Hot Tip: The veggies will be pretty tender after cooking and you can discard them or eat them if you like. They are mostly there for their flavors!
5 Tips & Tricks for Perfect Baked Duck
From our kitchen to yours, find a couple simple tips to help you knock your baked duck out of the park.
- Don’t skip the overnight marinade. This step is so crucial. Duck tends to lean on the tougher and drier side, so an overnight marinade is key to making it juicy and moist.
- Remove all the marinade for crispy skin. Thoroughly wipe off all the marinade before baking to duck. Letting it sit overnight is more than enough and any lingering mayo will prevent the skin from crisping up to it’s full potential.
- Tuck the wing tips under the legs.

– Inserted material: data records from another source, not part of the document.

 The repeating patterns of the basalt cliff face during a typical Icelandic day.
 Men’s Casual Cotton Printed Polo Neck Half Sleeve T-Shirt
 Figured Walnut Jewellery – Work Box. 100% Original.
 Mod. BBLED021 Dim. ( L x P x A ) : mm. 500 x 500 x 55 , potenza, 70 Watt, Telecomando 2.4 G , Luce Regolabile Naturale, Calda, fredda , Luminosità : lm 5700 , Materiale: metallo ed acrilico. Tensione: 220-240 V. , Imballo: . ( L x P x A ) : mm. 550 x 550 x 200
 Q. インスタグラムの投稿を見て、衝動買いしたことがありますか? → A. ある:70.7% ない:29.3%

To prevent the delicate wings from burning, tuck them under the legs before baking.
- Use a meat thermometer to check doneness. Unsure if the duck is finished cooking? Insert a meat thermometer into the thickest part of the breast to ensure it’s reached 165°F.
- Tweak the stuffing. Feel free to up level the buckwheat stuffing with garlic cloves, cranberries, pomegranate seeds, freshly cracked pepper, thyme, or even bacon.

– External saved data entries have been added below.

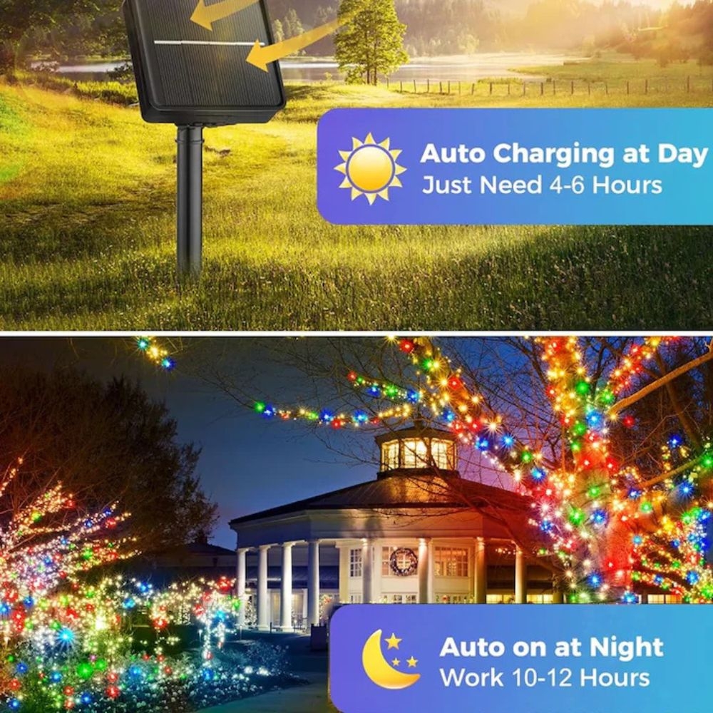 Instalatiile craciun exterior multicolor 12m cu 100 LED transform a instant orice spatiu intr-un decor festiv si colorat, fara sa ai nevoie de prize sau prelungitoare. Panoul solar integrat capteaza energia de la soare pe parcursul zilei, iar instalatia se aprinde singura cand se lasa seara.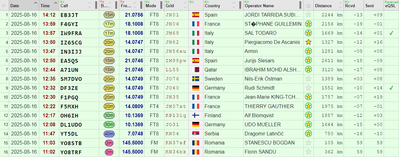 I also managed to make 2 contacts on VHF with hams from Iasi, Romania, using a HT with a 5 element log-periodic antenna.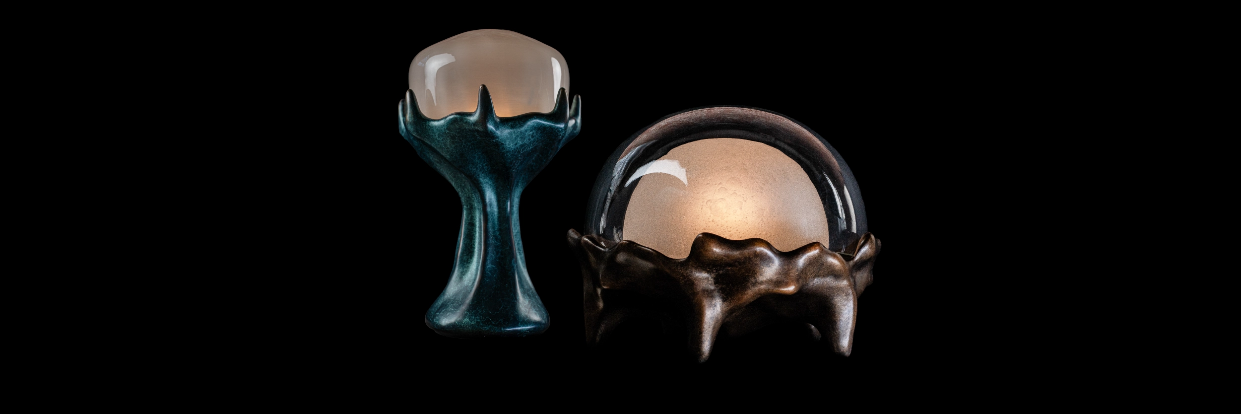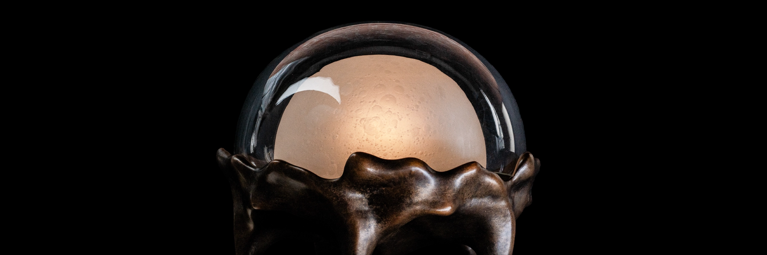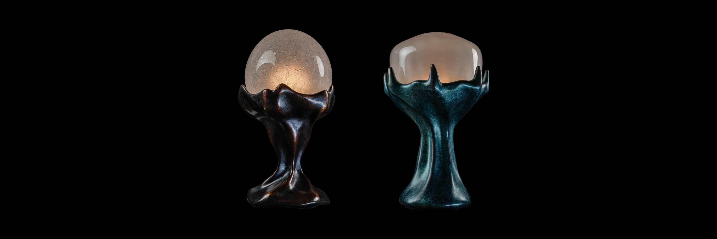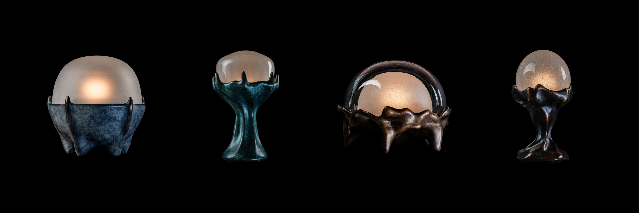 The inaugural LUMARA Collection introduces these forms through illumination. Inspired by lunar caves and atemporal rock formations, each work evokes the quiet suggestion of life blooming in the unlikeliest places. Sculpted in bronze and glass, the pieces capture a dialogue between the organic and the otherworldly—botanical, mineral, and something in between. Through light, Curry reveals the delicate resilience and transformative energy embedded within his imagined terrain.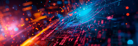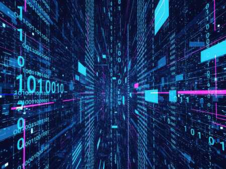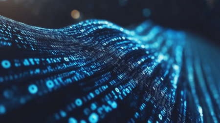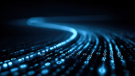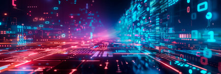 Glowing binary code streams in a high-tech, futuristic digital scene.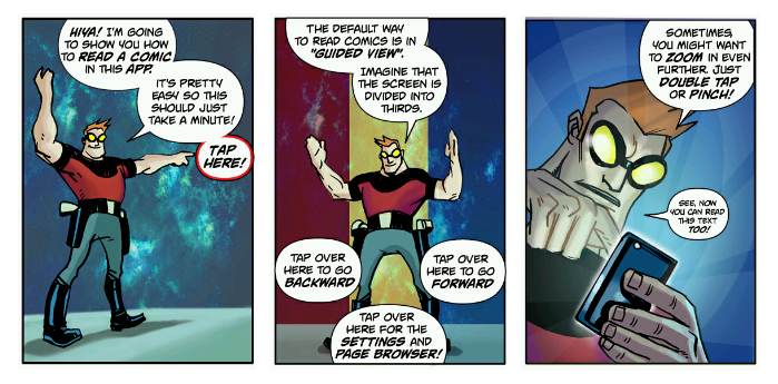 - Reading comics is easy. If you are a first-time user don’t worry. The app will guide you on how to view, zoom, and flip pages through a very short but interesting comic.
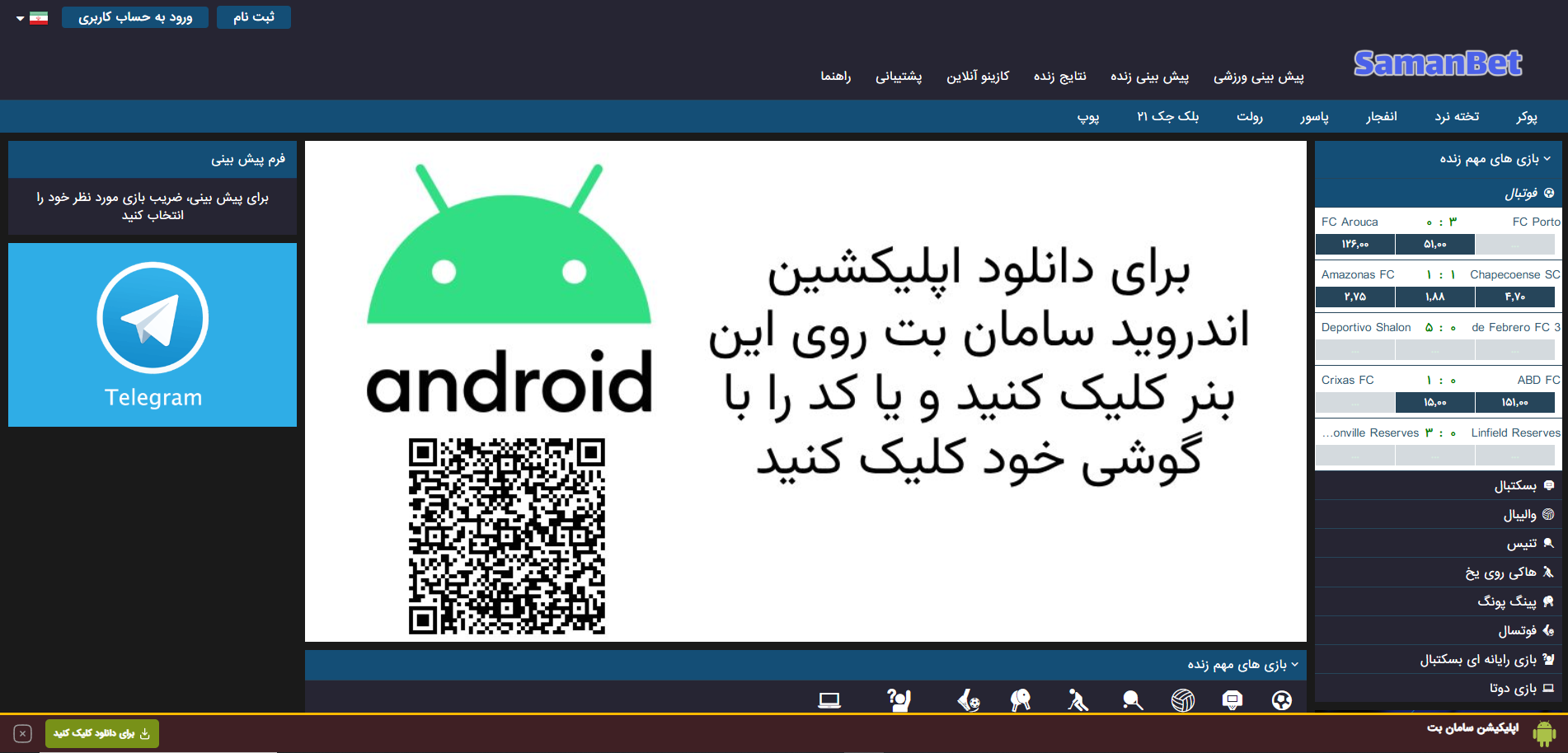 در همین صفحه نیز لینک دانلود اپلیکیشن سامان بت قرار داده شده تا بتوانید به راحتی آن را دریافت و روی دستگاه خود نصب کنید.

Save the duck fat! All those delicious juices that form on the bottom of the roasting pan are liquid gold. Transfer them to a jar and pop them in the fridge for roasted potatoes, eggs, and veggie side dishes. YUM!

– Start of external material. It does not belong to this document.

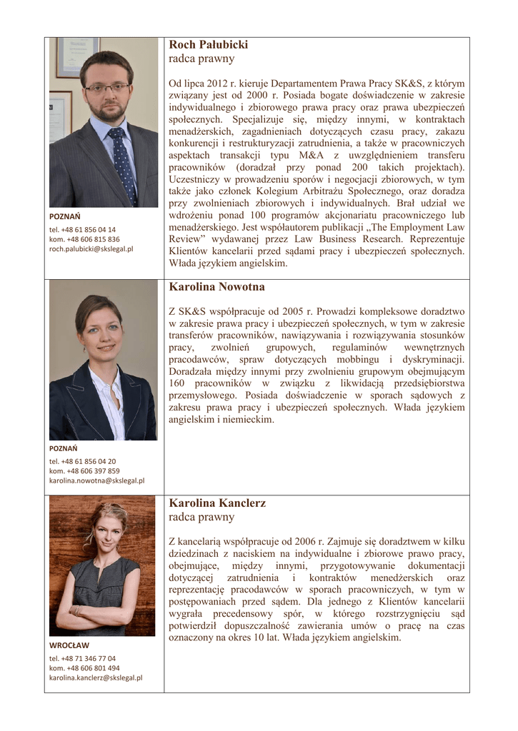 Roch Pałubicki radca prawny POZNAŃ tel. +48 61 856 04 14 kom. +48 606 815 836 [email protected] Od lipca 2012 r. kieruje Departamentem Prawa Pracy SK&S, z którym związany jest od 2000 r. Posiada bogate doświadczenie w zakresie indywidualnego i zbiorowego prawa pracy oraz prawa ubezpieczeń społecznych. Specjalizuje się, między innymi, w kontraktach menadżerskich, zagadnieniach dotyczących czasu pracy, zakazu konkurencji i restrukturyzacji zatrudnienia, a także w pracowniczych aspektach transakcji typu M&A z uwzględnieniem transferu pracowników (doradzał przy ponad 200 takich projektach). Uczestniczy w prowadzeniu sporów i negocjacji zbiorowych, w tym także jako członek Kolegium Arbitrażu Społecznego, oraz doradza przy zwolnieniach zbiorowych i indywidualnych. Brał udział we wdrożeniu ponad 100 programów akcjonariatu pracowniczego lub menadżerskiego. Jest współautorem publikacji „The Employment Law Review” wydawanej przez Law Business Research. Reprezentuje Klientów kancelarii przed sądami pracy i ubezpieczeń społecznych. Włada językiem angielskim. Karolina Nowotna Z SK&S współpracuje od 2005 r. Prowadzi kompleksowe doradztwo w zakresie prawa pracy i ubezpieczeń społecznych, w tym w zakresie transferów pracowników, nawiązywania i rozwiązywania stosunków pracy, zwolnień grupowych, regulaminów wewnętrznych pracodawców, spraw dotyczących mobbingu i dyskryminacji. Doradzała między innymi przy zwolnieniu grupowym obejmującym 160 pracowników w związku z likwidacją przedsiębiorstwa przemysłowego. Posiada doświadczenie w sporach sądowych z zakresu prawa pracy i ubezpieczeń społecznych. Włada językiem angielskim i niemieckim. POZNAŃ tel. +48 61 856 04 20 kom. +48 606 397 859 [email protected] Karolina Kanclerz radca prawny WROCŁAW tel. +48 71 346 77 04 kom. +48 606 801 494 [email protected] Z kancelarią współpracuje od 2006 r. Zajmuje się doradztwem w kilku dziedzinach z naciskiem na indywidualne i zbiorowe prawo pracy, obejmujące, między innymi, przygotowywanie dokumentacji dotyczącej zatrudnienia i kontraktów menedżerskich oraz reprezentację pracodawców w sporach pracowniczych, w tym w postępowaniach przed sądem. Dla jednego z Klientów kancelarii wygrała precedensowy spór, w którego rozstrzygnięciu sąd potwierdził dopuszczalność zawierania umów o pracę na czas oznaczony na okres 10 lat. Włada językiem angielskim. Aleksandra Kozłowska adwokat Z SK&S współpracuje od 2006 r. W centrum jej zainteresowań jest reprezentowanie Klientów kancelarii w sporach sądowych. W ramach tej specjalizacji zdobyła znaczące doświadczenie w sporach sądowych z zakresu prawa pracy i ubezpieczeń społecznych. Doradza również w zakresie relacji ze związkami zawodowymi, transferów pracowników i innych zagadnień prawa pracy. Włada językiem angielskim i niemieckim. WARSZAWA tel. +48 22 608 73 23 kom. +48 698 621 985 [email protected] Joanna Wielgolawska adwokat WARSZAWA Jest w zespole SK&S od 2008 r. Specjalizuje się w sporach sądowych, z naciskiem na zagadnienia prawa pracy. Wielokrotnie reprezentowała Klientów kancelarii w sporach sądowych dotyczących nieuzasadnionego bądź niezgodnego z prawem rozwiązania umowy o pracę, dyskryminacji, mobbingu, wynagrodzenia za pracę w godzinach nadliczbowych i zakazu konkurencji. Posiada także doświadczenie w sprawach karnych dotyczących pracowników. Ponadto, zajmuje się przygotowywaniem dokumentów związanych ze stosunkiem pracy. Włada językiem angielskim i niemieckim. tel. +48 22 608 70 08 kom. +48 600 870 182 [email protected] Katarzyna Gradzik W SK&S pracuje od 2009 r. i specjalizuje się w prawie pracy. Jej doświadczenie obejmuje sądowe sprawy pracownicze, pracownicze badania typu due diligence, a także doradztwo z zakresu prawa pracy, w tym sprawy dotyczące związków zawodowych i układów zbiorowych pracy. Włada językiem angielskim i francuskim. KATOWICE tel. +48 32 731 50 18 kom. +48 790 581 086 [email protected] Irena Pacholewska-Urgacz radca prawny Z kancelarią związana jest od 2010 r. Doradza w sprawach z zakresu prawa cywilnego oraz prawa pracy, a także reprezentuje Klientów kancelarii przed sądami. Posiada doświadczenie w przygotowywaniu oraz negocjowaniu umów o pracę i kontraktów menedżerskich, a także w sprawach dotyczących związków zawodowych. Włada językiem angielskim i francuskim. KATOWICE tel. +48 32 731 50 21 kom. +48 602 757 831 [email protected]

What to Serve Alongside Your Baked Duck
For a fancy dinner at home or your next special occasion, serve your baked duck alongside air fryer asparagus and creamy mashed potatoes. For a fresh side, tack on a berry spinach salad or a beet quinoa salad with fresh oranges (citrus pairs so well with duck!).
Should you cook a duck covered or uncovered?
You’ll want to first cook the duck covered with aluminum foil to look in the juices and protect the skin from drying out. With 15 minutes left, remove the foil to allow the skin to crisp and turn golden brown.
How long should you let the duck rest?
Before going at the duck with your carving knife, give it 15 minutes to rest at room temperature. This will help to lock in the juices and make each slice super tender.
How do you cook duck so it’s not tough?
The key to making sure your duck isn’t tough is to marinate it overnight and to also ensure that you bake it covered for most of the cooking time.
What color should cooked duck be?
Medium cooked duck will be slightly pink on the inside. If you don’t like any pink, cook the duck to 170°F.
Can you use a frozen duck?
Yes, you can. Allow it to completely thaw in the fridge overnight and follow the directions as noted.
More Meaty Recipes to Try
- Spatchcock Chicken (Crazy Easy) – Quick & easy roasted chicken
- Simple Roast Turkey Recipe (The BEST) – Super simple roast turkey
- Roasted Stuffed Duck Recipe – Juicy, rice-stuffed duck
- Spatchcock Turkey Recipe (Easiest Recipe) – Speedy whole turkey recipe
- In a small bowl, mix the mayonnaise with the garlic parsley salt. Rub the mayo mixture all over the outside of the duck and place it in a baking dish. Cover it with plastic wrap and allow it to marinate in the fridge overnight.
- The next day, stuff the duck with cooked buckwheat. Wipe off mayo the mixture from the outside of the duck.
- Cut up the apples, carrots, and celery. Assemble them around the duck and season them with salt. Cover the baking dish with foil.
- Bake the duck for 90 minutes at 375°F. Remove the foil wrap for the last 15 minutes to allow the skin to crisp up. Serve right away while it's still hot and enjoy!